Publicado en El Periódico de Catalunya, 1992-XI-21

        La escuela no sólo transmite explicaciones sobre el funcionamiento del mundo, sino también pautas de comportamiento corporales encaminadas a domar los sentimientos de acuerdo con lo que está dicho que debe o no debe ser.

        Algo más de nueve millones de estudiantes se incorporan estos días a las aulas. De ellos, m s de la mitad, unos cinco millones y medio (de los cuales 800.000 en Cataluña - han corregido: de los que 800.000 están en Catalunya), para cursar la enseñanza primaria cuya obligatoriedad se prolongar  hasta los 16 años para aquellas chicas y chicos que, por tener ahora 6 y 7, inician los dos primeros cursos de acuerdo con la nueva Ley de Ordenación General del Sistema Educativo (LOGSE).
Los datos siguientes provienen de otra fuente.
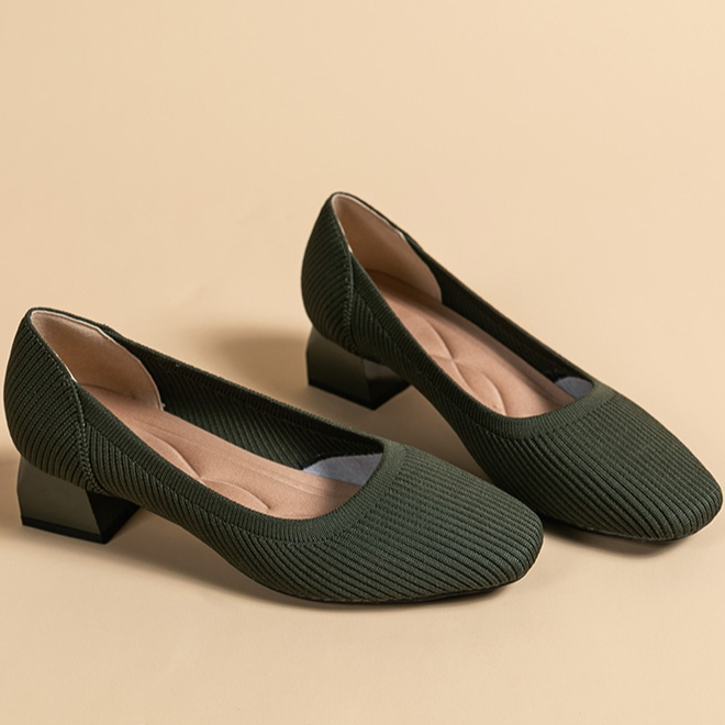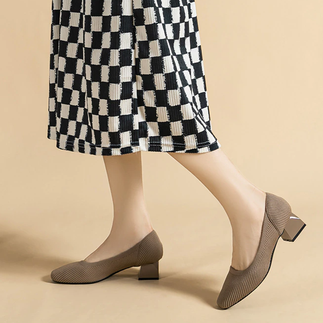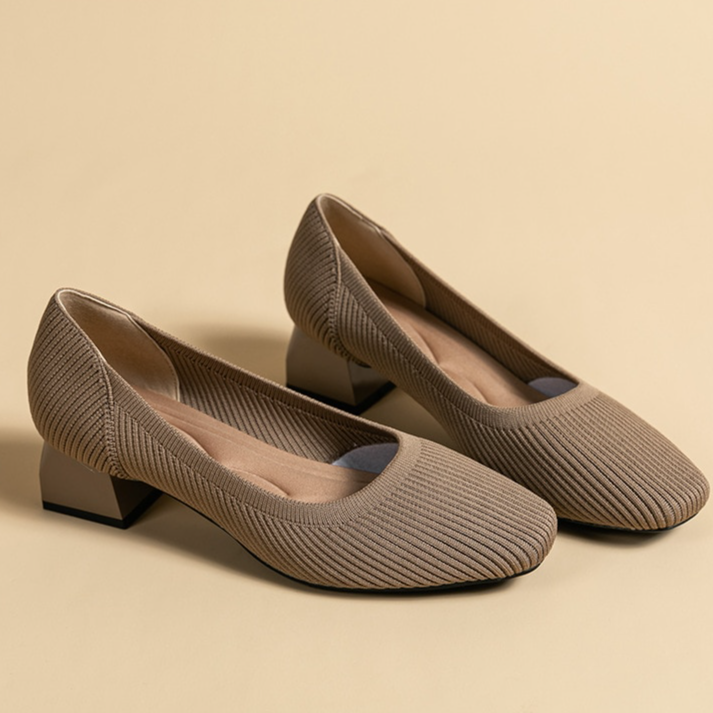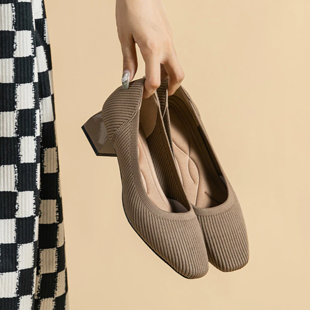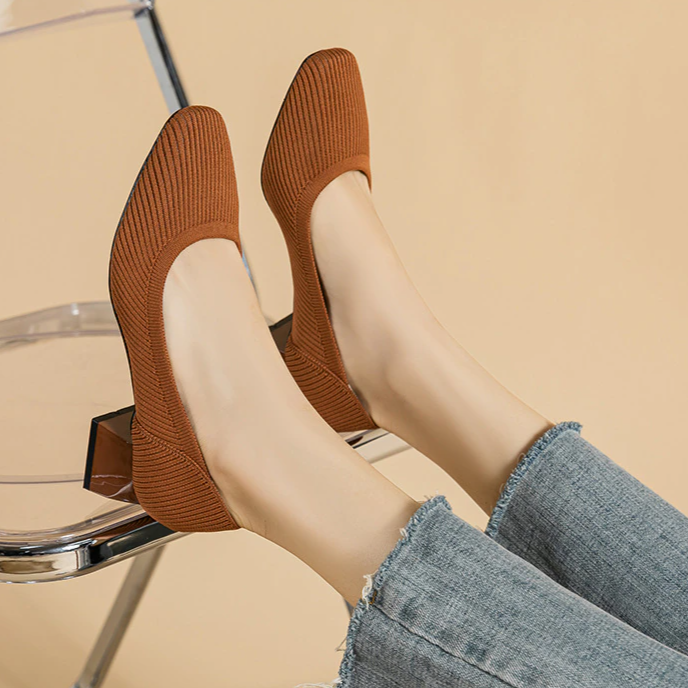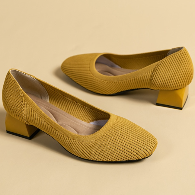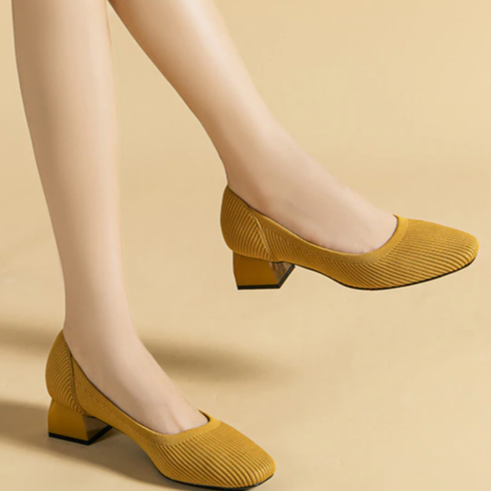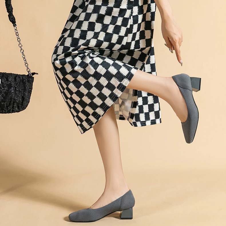 Scarpin Salto Bloco Confortável em Malha Tricô - Lena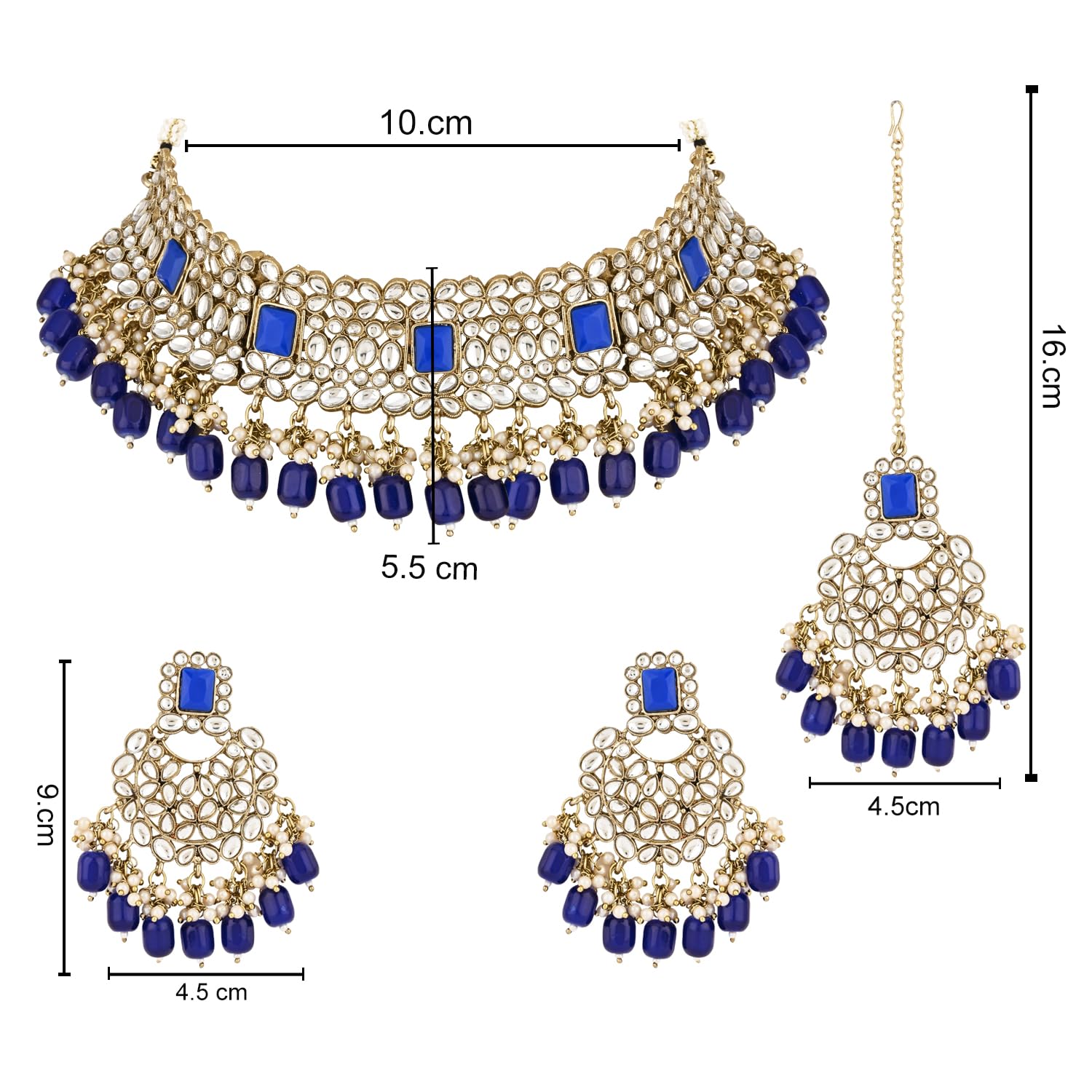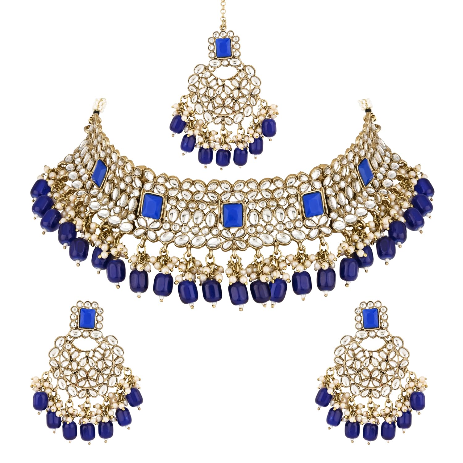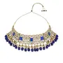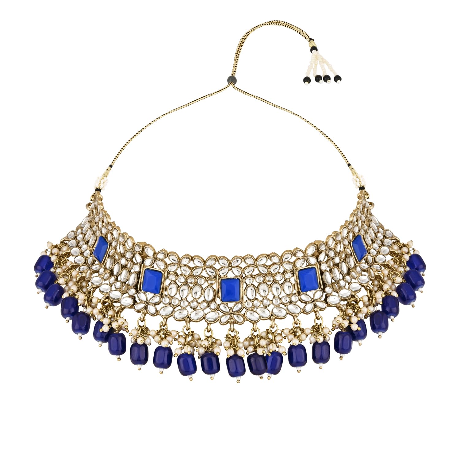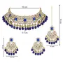 This jewellery set is crafted in 18K gold plating traditional stone studded necklace and a pair of earrings. The necklace feature stone studded in it and is secured with a drawstring closures. Style this necklace set with a saree or a salwar suit to enhance the look.

Un millón de criaturas (de las que - han suprimido estas tres palabras - 134.000 en Cataluña) protagonizarán o padecerán, pues, la reforma educativa tan anunciada en los últimos años. Pero ¿en qué se va a notar la reforma?, ¿qué va a cambiar y que va a permanecer en la escuela?

        Los primeros que han sufrido el cambio han sido los padres, que no han podido aprovechar los manuales de los hermanos mayores y han tenido que pagar de 8 a 10.000 pesetas por unos lotes que el año pasado costaban entre 5 y 7.000. Habrá que examinarlos para calibrar si este incremento del precio está justificado por una renovación de los contenidos más allá de formas y colores m s atractivos. Pero, tras la lectura atenta de las líneas básicas trazadas por las autoridades correspondientes para la reforma de la enseñanza de las ciencias sociales en los distintos niveles, podemos asegurar que no son sustancialmente diferentes de las seguidas hasta ahora. Ya que, aunque se insiste con un lenguaje psicopedagógico renovado en que a partir de ahora se han de contemplar además de los hechos y conceptos, procedimientos nuevos y nuevas actitudes, valores y normas, ni cambian decisivamente los hechos que se resaltan como significativos y los que se excluyen como si fueran insignificantes, ni varía ese sistema de valores implícito en la selección de unos u otros hechos que responde a prejuicios etnocéntricos, clasistas, sexistas y adultos, a mayor honra y gloria del dominio de la Cultura Occidental, ni se altera de una vez ese procedimiento por medio del cual se habitúa a los estudiantes a responder a determinadas preguntas en lugar de consentir su curiosidad y fomentar su capacidad para interrogarse por el mundo en que vivimos.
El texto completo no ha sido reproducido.